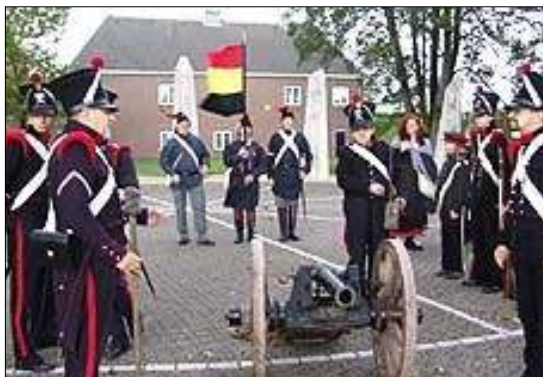
Afb. 4: De Bossche Schutterij anno 2006

De moed en daadkracht van de Bossche schutterij is toen dermate hooggewaardeerd, dat niet minder dan vier mannen werden benoemd tot Ridder der Militaire Willemsorde 4 e klasse (afb. 5).
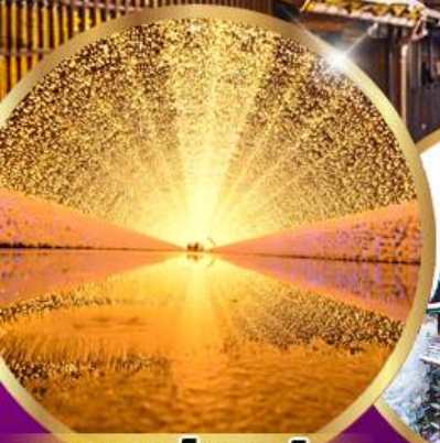
นาบาระ โนะ ซาโตะ
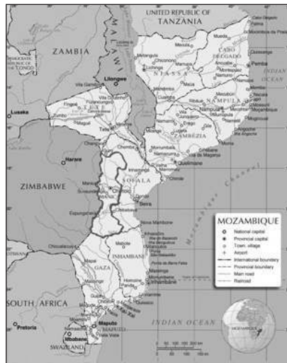
Mapa 1: Província de Manica (Nations Online Project)

Na fronteira entre Moçambique e o Zimbabué encontra-se Mossurize, um distrito moçambicano pertencente à província de Manica e que se situa na parte Sul desta linha de fronteira. A sua capital é Espungabera e os territórios limítrofes são o distrito de Sussundega (a Norte), o distrito de Machaze (a Sul), o distrito de Chibabava (a Leste) e o Zimbabué (a Ocidente). A sua população pertence ao grupo étnico ndau .
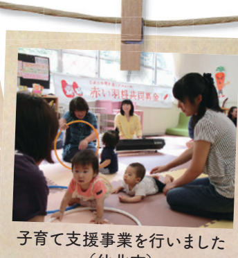
子育て支援事業を行いました (仙北市)
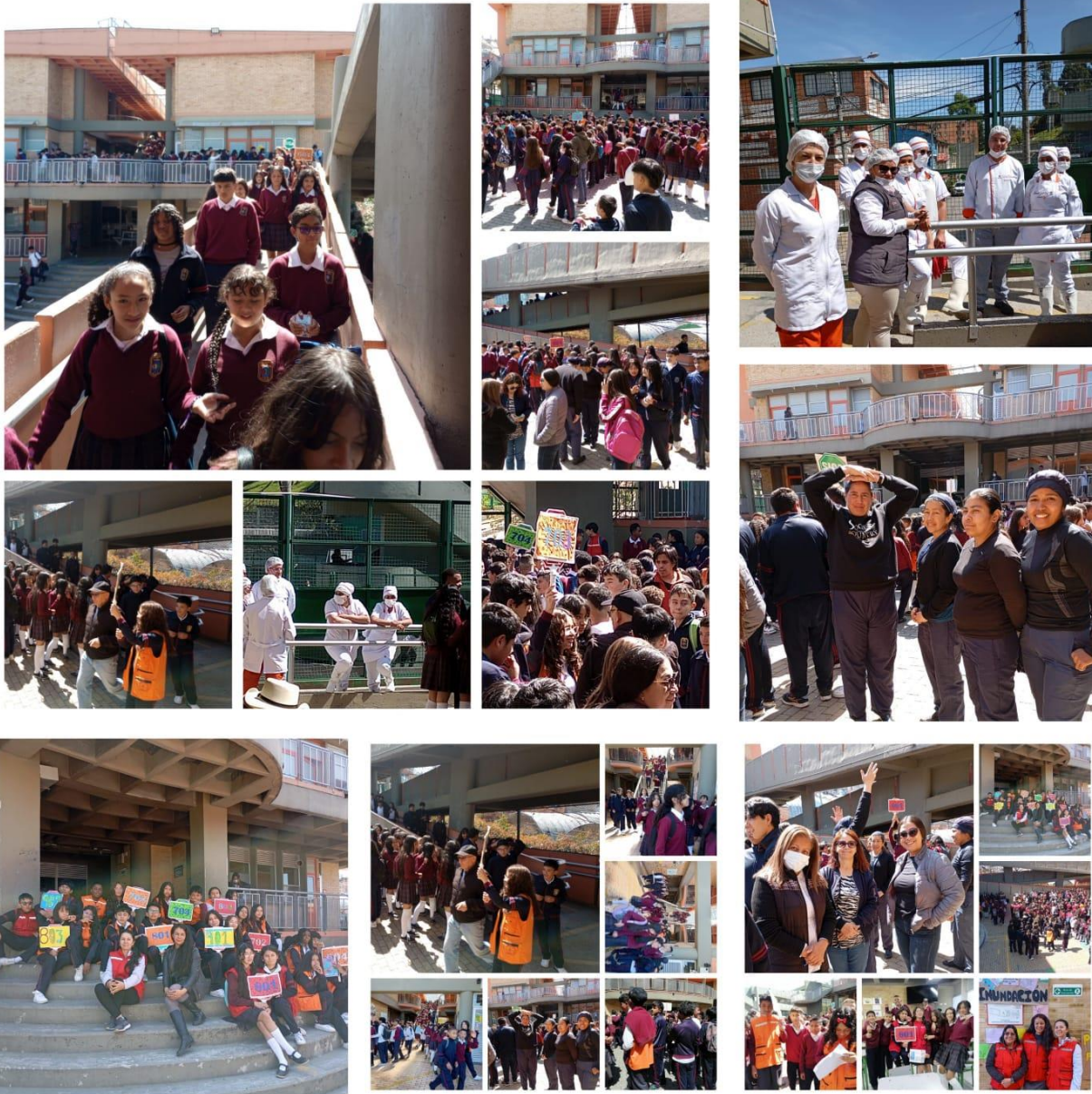
Simulacro de evaluación desarrollado en la sede C JM
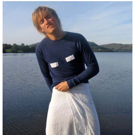
"Greitt nok at speedo e sexy, men d e hendelse å ta di av å på"

Neste programpost var bading, der det var poeng til det laget med flest uti. Herifrå var det ingen tvil om at "Team Roger" var i ein klasse for seg sjølv. Etter badinga gjekk me opp til huset, innkvarterte oss og vaska dassen.
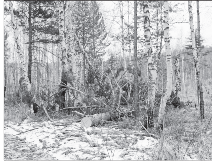
На месте преступления...

«Чёрные лесорубы» хозяйничают недалеко от детского лагеря «Орлёнок»
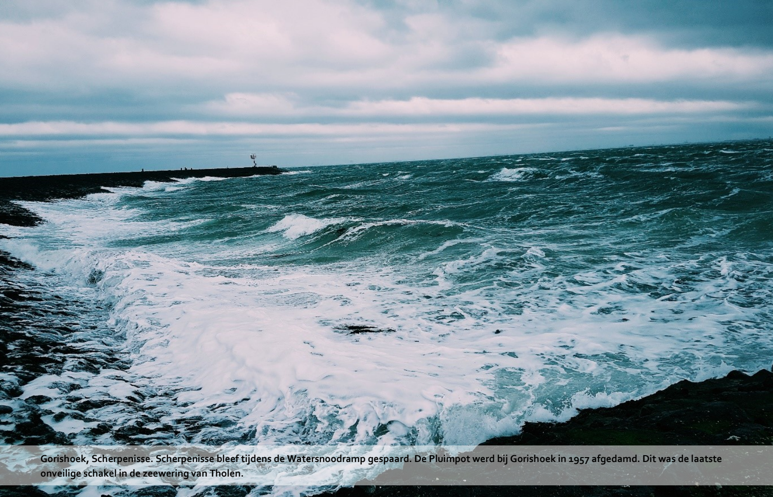
Gorishoek, Scherpenisse. Scherpenisse bleef tijdens de Watersnoodramp gespaard. De Pluimpot werd bij Gorishoek in 1957 afgedamd. Dit was de laatste onveilige schakel in de zeevering van Tholen.
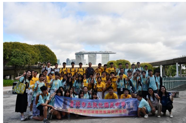
與聖中一齊參觀永續再生能源館
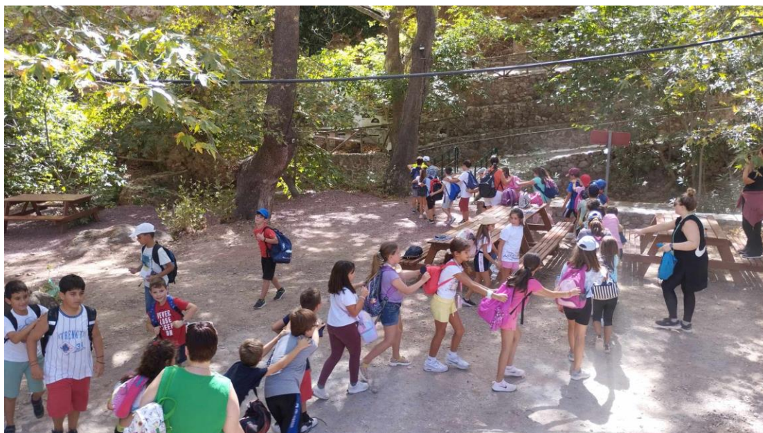
Φωτογραφία 1 Πηγή Ζάκρον
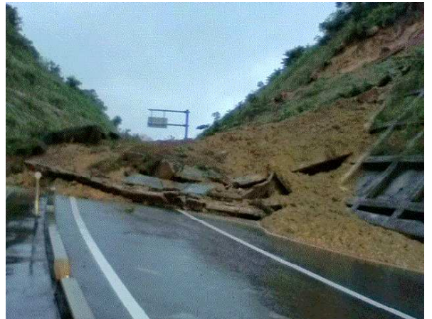
県道萩三隅線の被災状況（萩市三見）
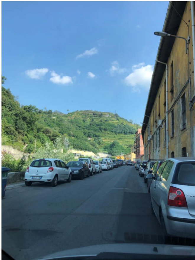
Foto 4—vista da sud di Via P. Cassanello ultimo tratto in prossimità dell'immobile
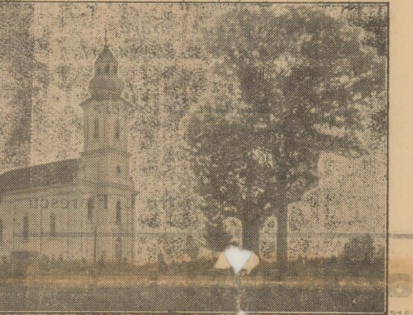
BISERICA DIN TEBEA

în care îmi îndeplinesc misiunea de apostol al culturii sânt așezat în apropierea acestor izvoare, am avut fericirea de a primi pe acești exploratori și descoperitori de finuturi și caractere etnice
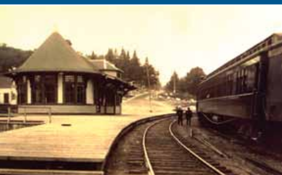
La gare du Canadien Pacifique en 1914. Située près du coin des rues Préfontaine est et Demontigny.

Parcourant les rues du centre-ville de Sainte-Agathe-des-Monts, vous serez plongés dans un univers issu du développement touristique du début du vingtième siècle. De l'architecture villageoise aux grandes villas, vous découvrirez un pan de notre histoire des Pays-d'en-Haut qui a fait le tour de la province et des états américains du nord-est. Renommée pour ses paysages et la qualité de son air, Sainte-Agathe-des-Monts s'est refait une beauté afin de vous accueillir.
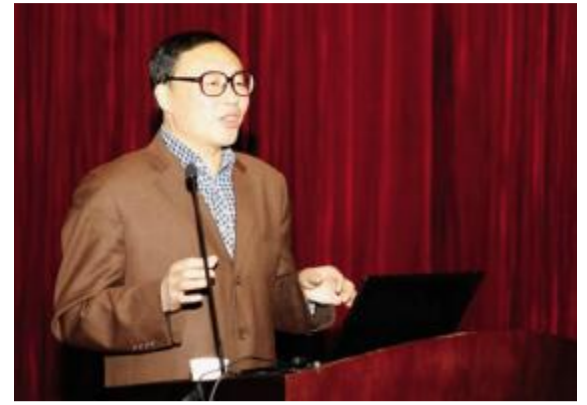
施立学教授在作讲座

本报讯(崔莉佳)12月19日下午,在我院文化艺术中心国际会议厅举行了一场内容丰富、别开生面的学术讲座。讲座由吉林动画学院院长助理、吉林动漫文化研究基地负责人王首民主持,主讲人是对东北地域和民俗文化有着深入研究和独到见解的施立学教授。
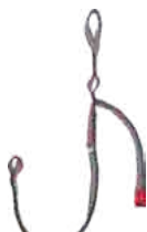
Y RESCUE LF
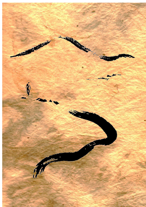
mensen van de Weg...

Ik sluit af met dat woord uit het Johannesevangelie, -Johannes 10, vers 35 dat overigens tegelijk doet denken aan psalm 8. Jezus zegt dan dat de mensen tot wie God spreekt goden genoemd worden. Gods woorden scheppen nieuw leven en maakt mensen deel van zijn goddelijkheid. Zo dragen de goddelijke woorden altijd die geheime kracht in zich om mensen tot het ware leven te bewegen, zodat ze ook zelf het leven voortbrengen. Als de ziel luistert, krijgen alle dingen om ons heen een taal. Gij louter Bron van Eeuwigheidsleven, wij zegenen U. AMEN
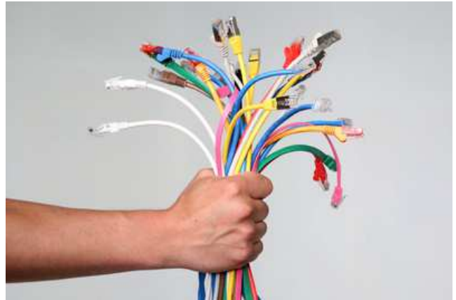
Haben Sie Ihre IT im Griff?

In der IT geht es oft darum, etwas zu regeln. Geschieht das nicht, kommt es zu Problemen und in den schlimmsten Fällen sogar zu Haftungsrisiken. Wenn Sie vor einer solchen Entscheidung stehen, hilft Ihnen vielleicht die 3-Way-Regel weiter. In drei konkreten Schritten kommen Sie zu einer Lösung.
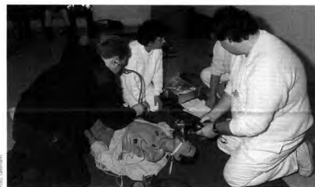
SOS: Sanis proben Ernstfall am (fast) lebenden Objekt
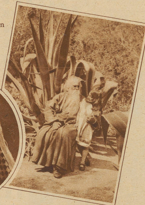
Bild links: Der indische Dichter Rabindranath Tagore mit seiner Enkelin Nandini
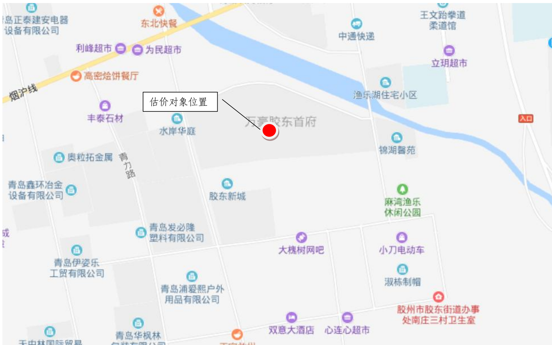
估价对象区域位置
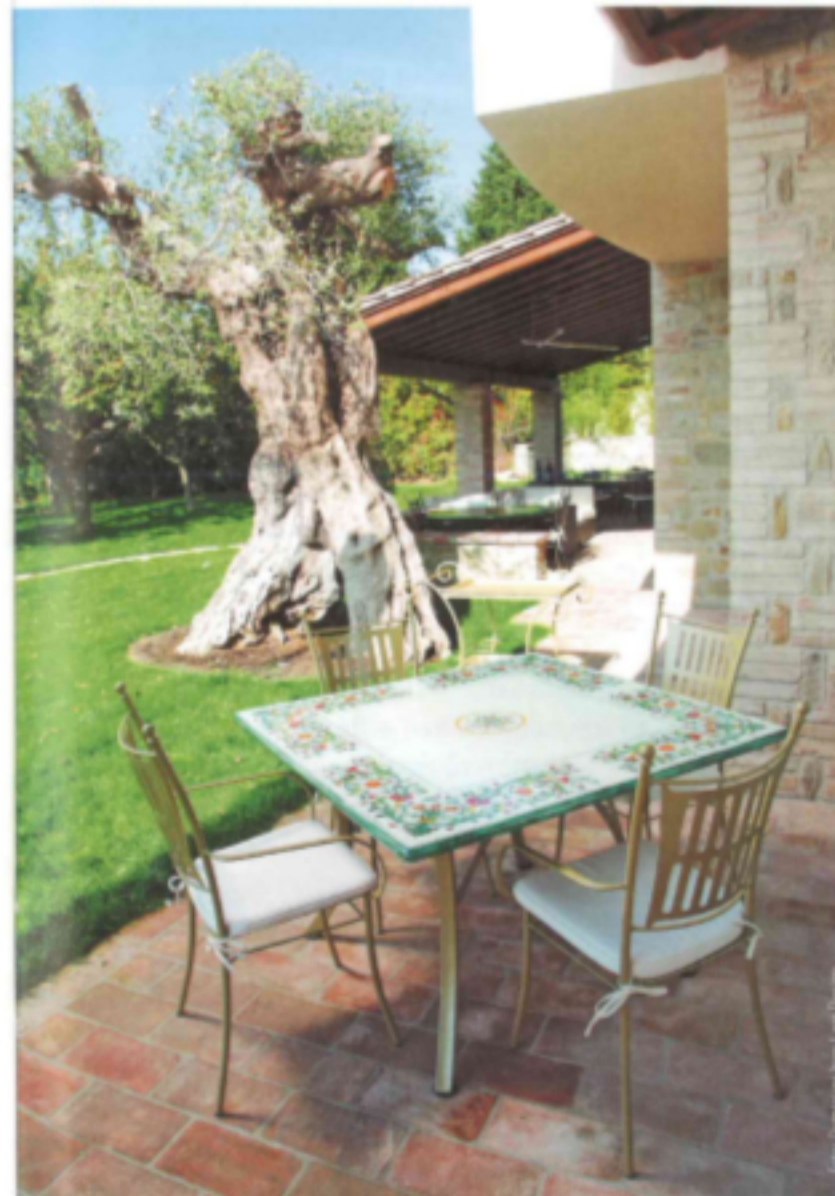
Lavastein ist die Grundlage der Tischserie Classico Sun von Domiziani Inox Lava Design.

Zur Planet Family aus der Kollektion Plus* von Euro3Plast SpA ( www.plus.it , Messestand nicht bekannt) gehört ein Stuhl mit klaren starken Linien. Seine Beine bestehen aus Holz (natur oder dunkel) und werden mit dem Körper aus PE während der Rotationsformung verbunden. Bei den verschiedenen
:::::
Copy exactly what appears in the entries, beginning with the first line and ending with the line that has "La gare du Canadien", but not the pictures.

Afb. 4: De Bossche Schutterij anno 2006

De moed en daadkracht van de Bossche schutterij is toen dermate hooggewaardeerd, dat niet minder dan vier mannen werden benoemd tot Ridder der Militaire Willemsorde 4 e klasse (afb. 5).
นาบาระ โนะ ซาโตะ
Mapa 1: Província de Manica (Nations Online Project)

Na fronteira entre Moçambique e o Zimbabué encontra-se Mossurize, um distrito moçambicano pertencente à província de Manica e que se situa na parte Sul desta linha de fronteira. A sua capital é Espungabera e os territórios limítrofes são o distrito de Sussundega (a Norte), o distrito de Machaze (a Sul), o distrito de Chibabava (a Leste) e o Zimbabué (a Ocidente). A sua população pertence ao grupo étnico ndau .
子育て支援事業を行いました (仙北市)
Simulacro de evaluación desarrollado en la sede C JM
"Greitt nok at speedo e sexy, men d e hendelse å ta di av å på"

Neste programpost var bading, der det var poeng til det laget med flest uti. Herifrå var det ingen tvil om at "Team Roger" var i ein klasse for seg sjølv. Etter badinga gjekk me opp til huset, innkvarterte oss og vaska dassen.
На месте преступления...

«Чёрные лесорубы» хозяйничают недалеко от детского лагеря «Орлёнок»
Gorishoek, Scherpenisse. Scherpenisse bleef tijdens de Watersnoodramp gespaard. De Pluimpot werd bij Gorishoek in 1957 afgedamd. Dit was de laatste onveilige schakel in de zeevering van Tholen.
與聖中一齊參觀永續再生能源館
Φωτογραφία 1 Πηγή Ζάκρον
県道萩三隅線の被災状況（萩市三見）
Foto 4—vista da sud di Via P. Cassanello ultimo tratto in prossimità dell'immobile
BISERICA DIN TEBEA

în care îmi îndeplinesc misiunea de apostol al culturii sânt așezat în apropierea acestor izvoare, am avut fericirea de a primi pe acești exploratori și descoperitori de finuturi și caractere etnice
La gare du Canadien Pacifique en 1914. Située près du coin des rues Préfontaine est et Demontigny.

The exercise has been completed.